----- DATA EXTRACT

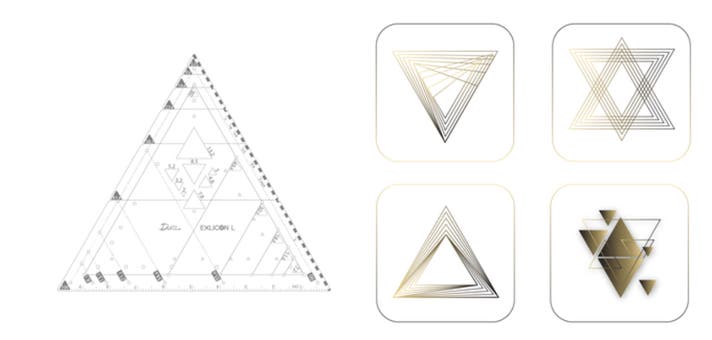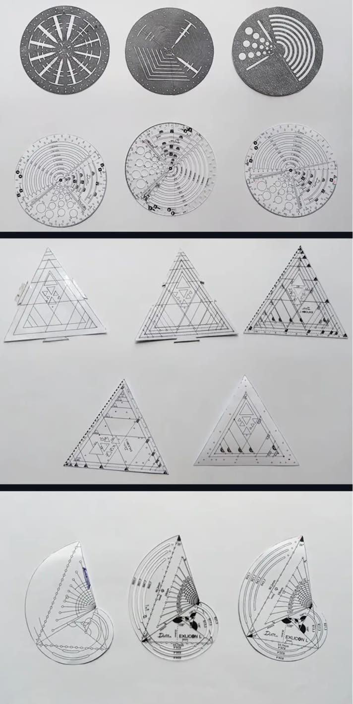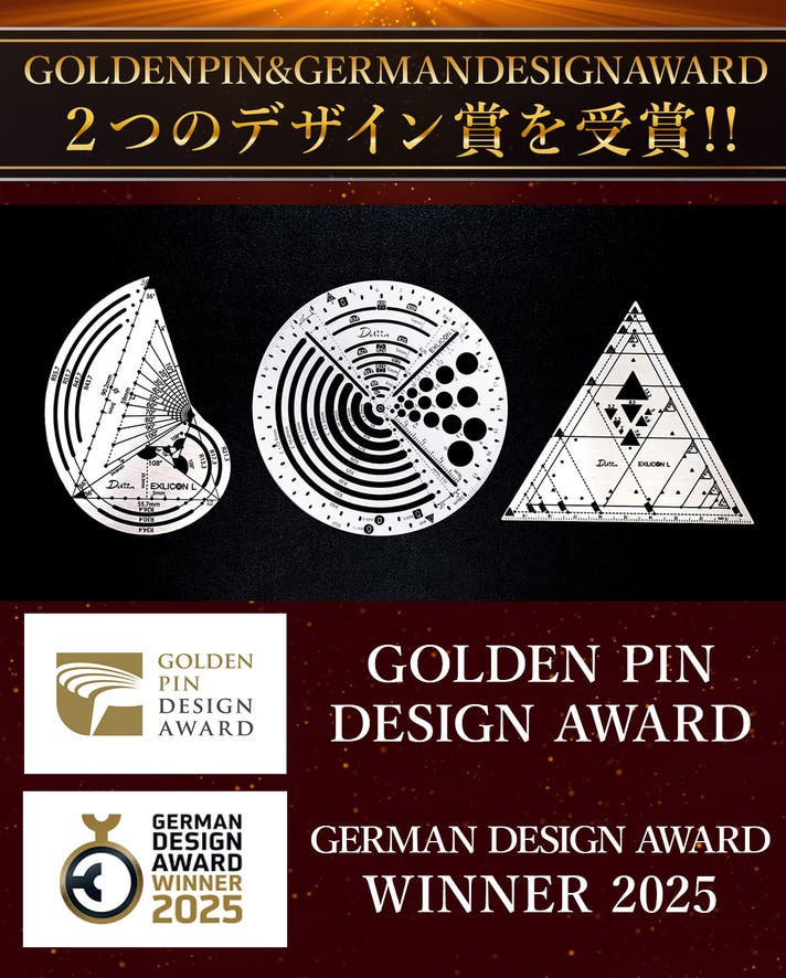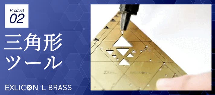 Exlicon L 黄金比ツールセット(真鍮)は、TGツール、三角ツール、円ツールを含み、これらは多機能で、黄金比に基づいた幾何学的な形状や角度を描くためにデザインされています。
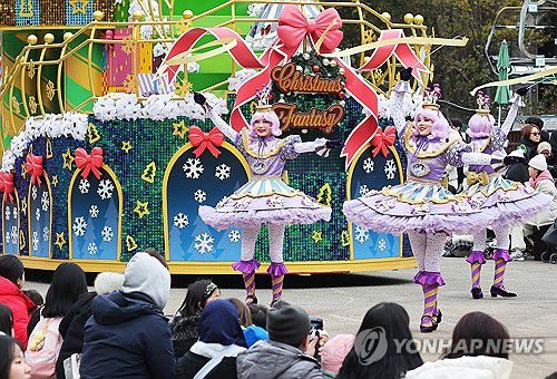 (용인=연합뉴스) 홍기원 기자 = 크리스마스를 아흐레 앞둔 16일 오후 경기도 용인시 에버랜드에서 '블링블링 X-mas 퍼레이드'가 펼쳐지고 있다. 2024.12.16
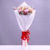 Ramo de flores secas con rosas artesanales rosada y rosada fuerte, gipsofilia seca rosada, jaspia seca blanca, cardo y cola de conejo color natural envuelto delicadamente con cinta decorativa.
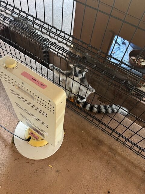 そして、ふれあいゾーンではストーブを占領するワオキツネザルや・・・
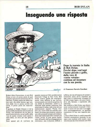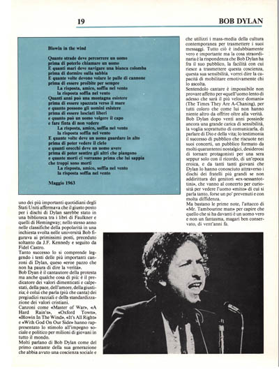 Molti parlano di Bob Dylan come del primo cantante della sua generazione che abbia avuto una coscienza sociale e che utilizzi i mass-media della cultura contemporanea per trasmettere i suoi messaggi. Tutto ciò è indubbiamente vero e importante ma la cosa straordinaria è la rispondenza che Bob Dylan ha fra il suo pubblico, la facilità con cui riesce a trasmettere questa coscienza, questa sua sensibilità, vorrei dire la capacità di mobilitare emotivamente chi lo ascolta.
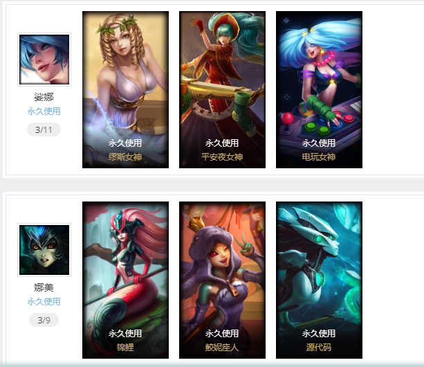 700+皮肤◆胜利女神全齐有风/龙瞎龙猴/仙剑男刀摄魂VN

----------

**EXERCISE INSTRUCTIONS:** Your answer should be the lines above from the one that contains "Ramo de flores" through the last, set down exactly, with the pictures removed.

**SOLUTION FOR THIS EXERCISE:**
 Ramo de flores secas con rosas artesanales rosada y rosada fuerte, gipsofilia seca rosada, jaspia seca blanca, cardo y cola de conejo color natural envuelto delicadamente con cinta decorativa.
 そして、ふれあいゾーンではストーブを占領するワオキツネザルや・・・
 Molti parlano di Bob Dylan come del primo cantante della sua generazione che abbia avuto una coscienza sociale e che utilizzi i mass-media della cultura contemporanea per trasmettere i suoi messaggi. Tutto ciò è indubbiamente vero e importante ma la cosa straordinaria è la rispondenza che Bob Dylan ha fra il suo pubblico, la facilità con cui riesce a trasmettere questa coscienza, questa sua sensibilità, vorrei dire la capacità di mobilitare emotivamente chi lo ascolta.
 700+皮肤◆胜利女神全齐有风/龙瞎龙猴/仙剑男刀摄魂VN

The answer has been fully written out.